Early completion for Queen Street platform works

Network Rail has successfully completed the lengthening of platforms 4 and 5 at Glasgow Queen Street station.

Work on the four-week-long project finished today (Sunday, October 13), nearly 24-hours ahead of schedule.

The new infrastructure will enter service at Scotland’s third-busiest station tomorrow morning as planned.

The platforms had closed on September 16 to allow engineers to undertake the 26 metre extensions, which involved removing 2000 tonnes of material, installing 100 metres of new platform walls, 200 metres of new track and connecting it to the existing infrastructure, as well as extending the overhead power lines by 50 metres.

The completion of the platform 4 and 5 works follows the successful extension of platforms 2 and 3 earlier this summer. All track and overhead electrification works being delivered as part of the £120m redevelopment of the station have now been completed.

Kevin McClelland, route delivery director for capital delivery, said: “Our team has worked around-the-clock to complete this vital element of the redevelopment of Glasgow Queen Street as quickly as possible.

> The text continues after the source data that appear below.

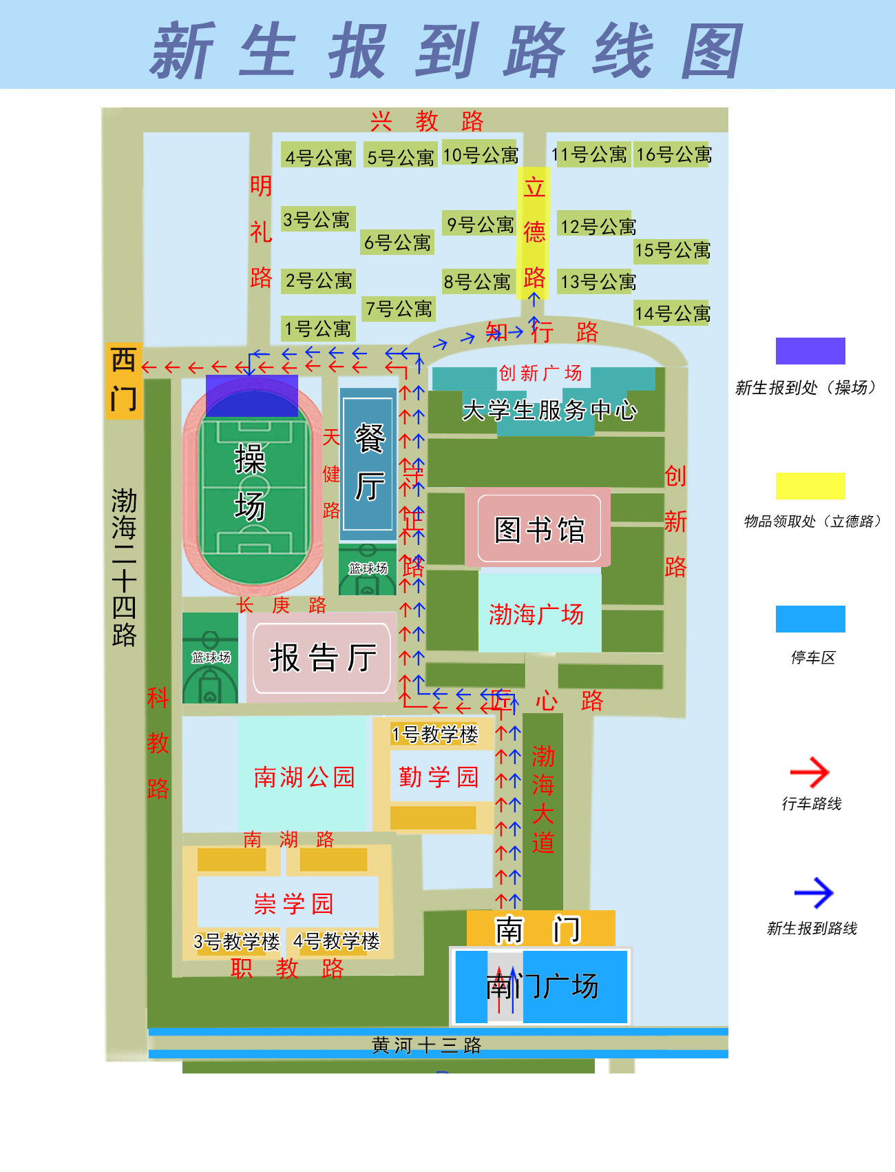 注:各位家长及新生凭录取通知书入校,新生、家长及车辆由学校南门进入,沿标注路线至风雨操场北侧下车区域,家长车辆即停即走,从学校西门离开行驶至停车区停车。为保证校园安全和现场有序,车辆需听从现场工作人员指挥有序行驶。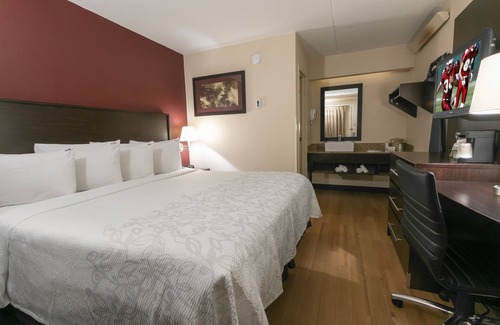 Our budget hotel offers convenient amenities for hassle-free stays for solo or business travelers and families with kids. Guests are welcomed with complimentary coffee in the lobby at any time of the day. Each smoke-free room is equipped with a flat-screen TV featuring premium channels, free WIFI access, a comfortable bed, and a private bathroom. Additional perks include free onsite parking, and you can bring your furry companion along at no extra charge!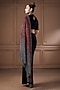 Featuring a black crop top in jersey and moonlight shimmer base with sequins, metallic beads, zardosi and cutdana work. It is paired with a draped skirt. Accentuate it with sculpted silver earrings, a sleek statement cuff, and strappy heels for a stylish ensemble, ideal for destination weddings, sundowner parties, or glamorous resort celebrations.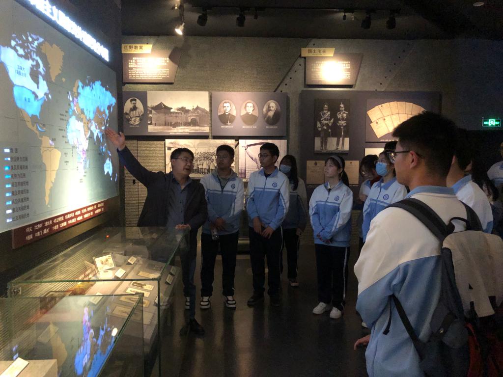 师生们紧接着来到青岛一战遗址博物馆,整个建筑造型像一只展翅飞翔的鸽子,寓意“牢记历史、珍爱和平”,主题展览分为德占青岛、日德战争、苦难归程三个部分,通过大量珍贵文物、档案资料以及运用场景复原、多媒体视频,全面展现一战对中国命运的影响。刘亚鹏老师为同学们讲解了百年青岛的历史变迁和城市面貌变迁,指出“还我青岛”为主题的对外抗争,是中华民族觉醒的起源,是“五四运动”的导火索,开创了反帝反封建的爱国主义运动的新纪元。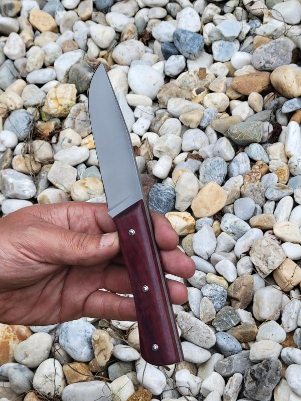 Ensuite, laissez libre cours à vos inspirations en choisissant votre essence de bois qui donnera vie au manche de votre couteau. La découpe de l'acier donnera forme à la lame, suivie du détourage et de l'émouture pour affiner votre création.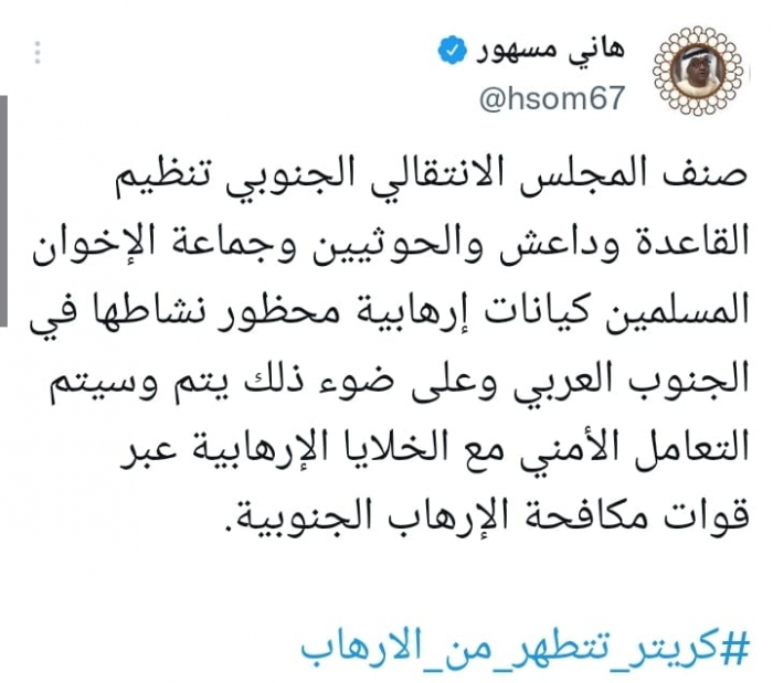 أكد الكاتب الصحفي هاني مسهور أن المجلس الانتقالي الجنوبي يصنف خلايا تنظيمات الإخوان وداعش والقاعدة ومليشيا الحوثي كيانات إرهابية، ويحظر نشاطها.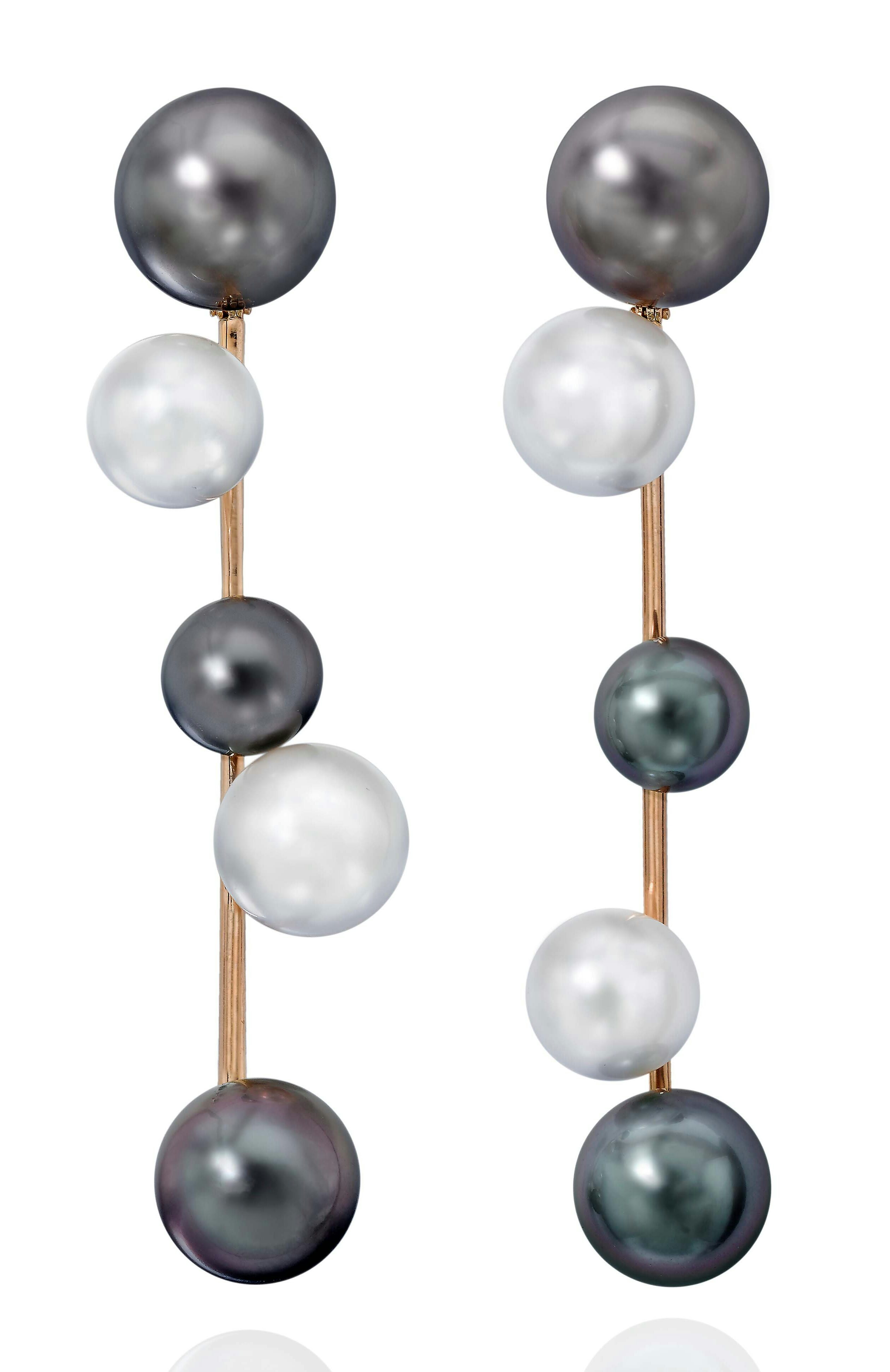 Assael’s South Sea and Tahitian natural cultured pearl modernist earrings feature six South Sea round pearls and four Tahitian pearls with 8-karat yellow gold posts and backs.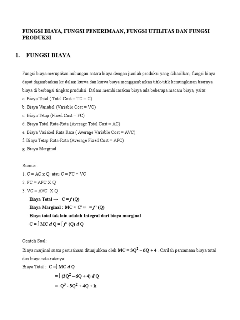 Kumpulan Contoh Soal: Contoh Soal Fungsi Biaya Produksi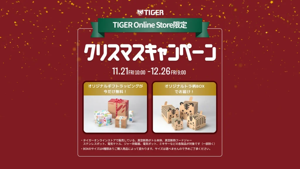 2025年11月21日10:00から12月26日9:00までの間にタイガーオンラインストアで商品をご購入いただいた方を対象に、2つの特典をご用意しました。

“Extending the platforms will allow longer electric trains to use them, meaning more seats for passengers.

“We appreciate the understanding customers have shown over the last four weeks while we have been completing this enhancement to their station.”

Once finished in spring 2020, the Queen Street redevelopment will revitalise the station, delivering a contemporary building with an expanded concourse almost double the size of the old station, with fully-accessible entrances on Dundas Street and George Square.

The redevelopment is part of the Edinburgh Glasgow Improvement Programme (EGIP) – a Scottish Government-funded investment in the railway infrastructure across central Scotland delivered by Network Rail Scotland.

Glasgow Queen Street station opened in 1842 with the Victorian glass roof, which is now a category A listed structure, constructed three decades later and completed in 1878.